Modeling has come to be seen more and more as an excellent approach to engaging students in the process of doing science. On the other hand, very little attention has been paid to modeling for young children. In particular, the vast majority of software modeling tools has proven to be difficult for high school students and teachers, let alone for elementary school students. We intend to design and experiment with a family of flexible modeling tools to be used with children in the early elementary years. In designing these tools, we will employ three basic strategies. First, we want to make sure that student's ideas concerning how things work can be adequately expressed. Although children may not start with normative models, if a modeling system cannot engage children where they begin, it is unlikely to support a natural process of evolution toward more standard models. Instead, students will have difficulty "saying" anything they feel is sensible with the tool. For example, few, if any, current modeling tools easily express the idea of stages so that at different times, different processes are in action, such as "old age" in plant growth. Similarly, naive ideas about ecosystems assume that perturbations result in quasi-permanent changes, rather than in a disturbed dynamic equilibrium, as is the natural result of most existing modeling tools. Our second strategy is to experiment with extremely generic modeling tools. We want to extend our prior work that shows upper elementary school students can use simplified programming to express models about such things as how a ball falls. Our third strategy is to design tools to fit the activity context of classrooms where modeling is successfully being engaged. This reactive strategy will result in tools that address specific difficulties and limits found even when children do begin to use modeling effectively.

Digital Weather Station

Visualization and Modeling: Presentation
Ken Hay
http://lpsl.coe.uga.edu/LIVE/

The Digital Weather Station (DWS) is an exhibit at The Children's Museum of Indianapolis. The goals of the DWS are to develop students' understanding of the weather as a three-dimensional system and their skills in the scientific process of visualization. The DWS runs on three high-end SGI Workstations and utilizes an interface that we designed to enable young children to manipulate sophisticated, expert level scientific visualization tools (VIS5D). The tool supports learner's immediate creation of 3D interactive, dynamic visualization of standard weather parameters. These tools are not scaled down tools visualizing fictitious data, rather they are built on the same tools and data that hundreds of scientists use everyday. We have designed and developed a learner's interface that almost eliminates the technical and domain learning curve these tools create for novices. This tool provides an unprecedented opportunity for inquiry-based and problem-based learning activities where the technology can visualize a 3D phenomenon.

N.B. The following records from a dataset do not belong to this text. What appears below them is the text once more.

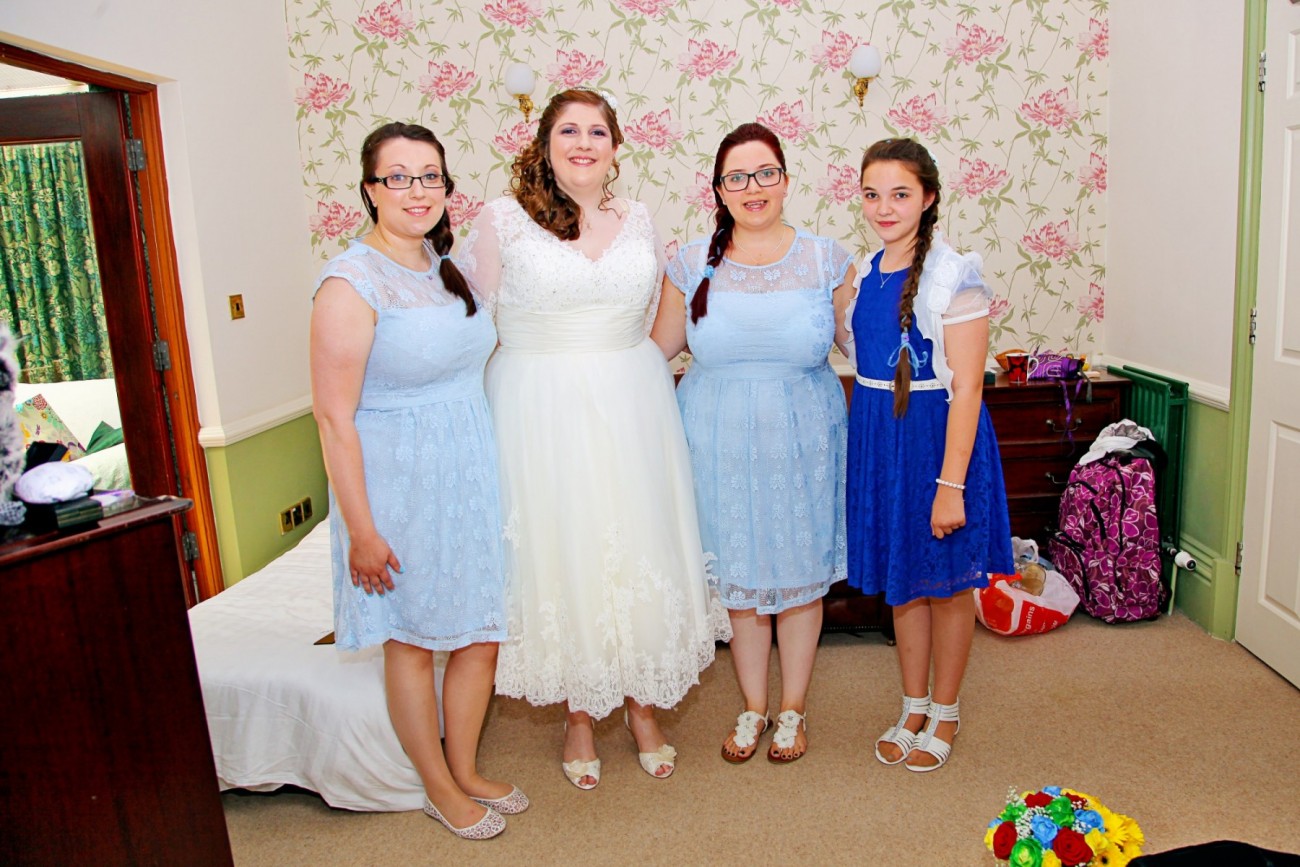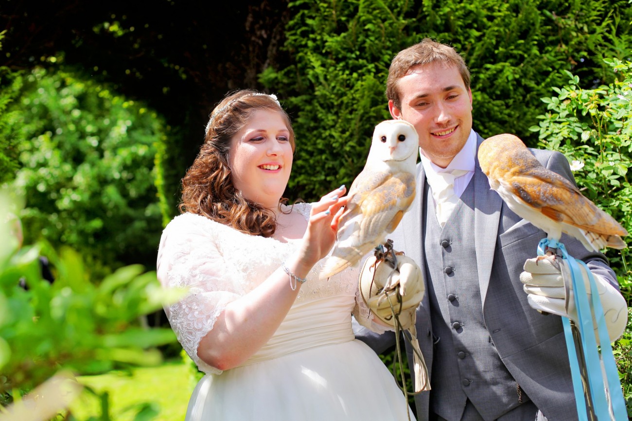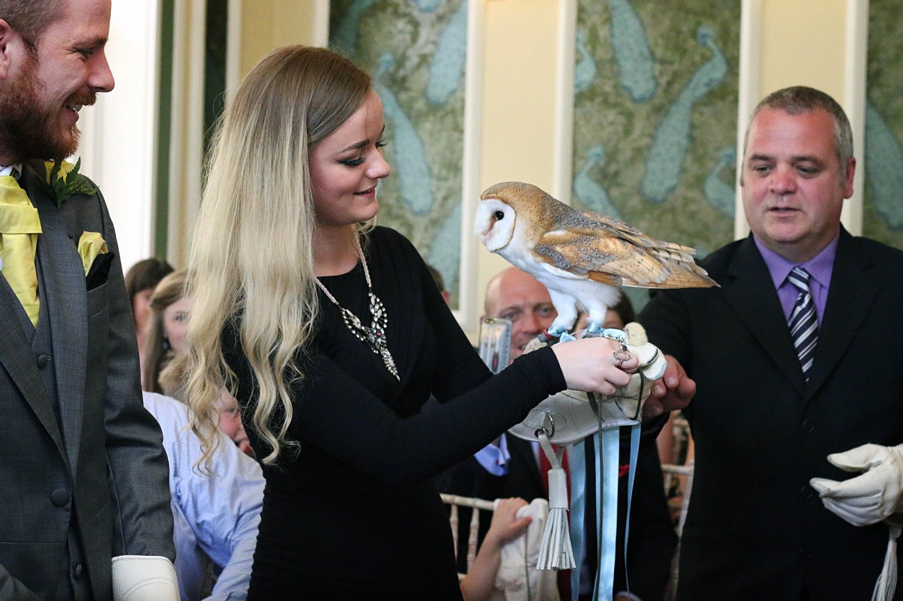 When the time came, I walked down the aisle to ‘Hedwig’s Theme’ and couldn’t stop smiling. Seeing James waiting there for me was the best moment. We had a surprise guest bringing in our wedding rings, a beautiful barn owl called Darcy. It was terribly hot in that room, and she didn’t have much fun flying, but we got the rings in the end! We all posed with Darcy and Hera for some lovely unique pictures afterward.
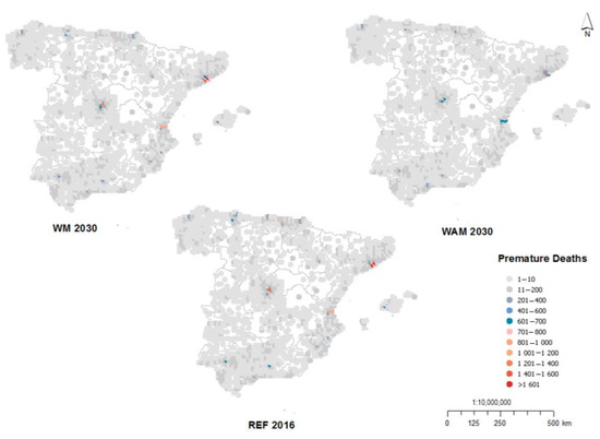 The CBA for the Clean Air Policy Package (CAPP) conducted by Holland [77] quantified deaths from PM2.5 and O3 exposure by time series from 2010 to 2030 (using reported emissions for 2010 and estimated emissions under the legislation at this moment for future years (year 2014). For Spain, they found a mortality attributable to PM2.5 of 23,963 and 21,668 premature deaths in the baseline scenarios for 2010 and 2030, respectively. In our study, results for the projected scenarios in 2030 are 23,302 premature deaths in the less ambitious scenario WM2030, and 18,946 expected premature deaths in WAM2030.
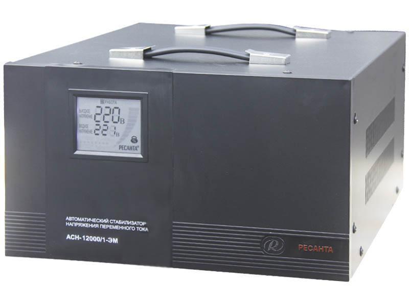 Стабилизатор напряжения Ресанта АСН-12000/1-ЭМ станет надежным помощником в любой квартире, загородном доме или кафе. Устройство эффективно выравнивает колебания тока в сети, защищая электроприборы как от длительных скачков напряжения, так и от коротких импульсных всплесков. Стабилизатор прост в управлении и не требует для использования каких-либо специальных навыков. Все что вам нужно, так это подключить устройство к источнику питания, а от его выхода запитать чувствительную к перепадам электротехнику. Стабилизатор способен работать с входным напряжением от 140 до 260 В, выдавая на выходе правильный 220 В синусоидный сигнал. И хотя многим людям использование подобных приборов кажется лишней тратой денег, на практике это оказывается не так, ведь сломавшийся от скачка в сети телевизор или компьютер может стоить значительно дороже, а если это повторится не раз, то и подавно. Тем более, что от перепадов электричества в наше время не застрахован никто, будь то жители гигантских мегаполисов или глухой деревни. И если в крупных городах эта проблема встречается реже, хотя обслуживание электропроводки ЖЭКом зачастую оставляет желать лучшего, то в небольших населенных пунктах скачки напряжения в сети происходят регулярно.

The research program will explore the abilities of the learner using this tool in a variety of contexts. We have three major goals for this research program. First is the establishment of a research base on dynamic 3D visualization by learners of a broad age range. This project is the first known by the authors to make dynamic 3D visualization tools publicly available to learners as young as 8 years old and will give us unprecedented opportunities to develop this research base. Second, we will explore small group knowledge construction about visualization processes and atmospheric phenomena through a series of studies where the DWS is used within a macrocontext. Third, we are interested in tool design issues for learners. We would like to develop and test LCD features that are empirically derived, refined, and then generalized within the aforementioned instruction strategy.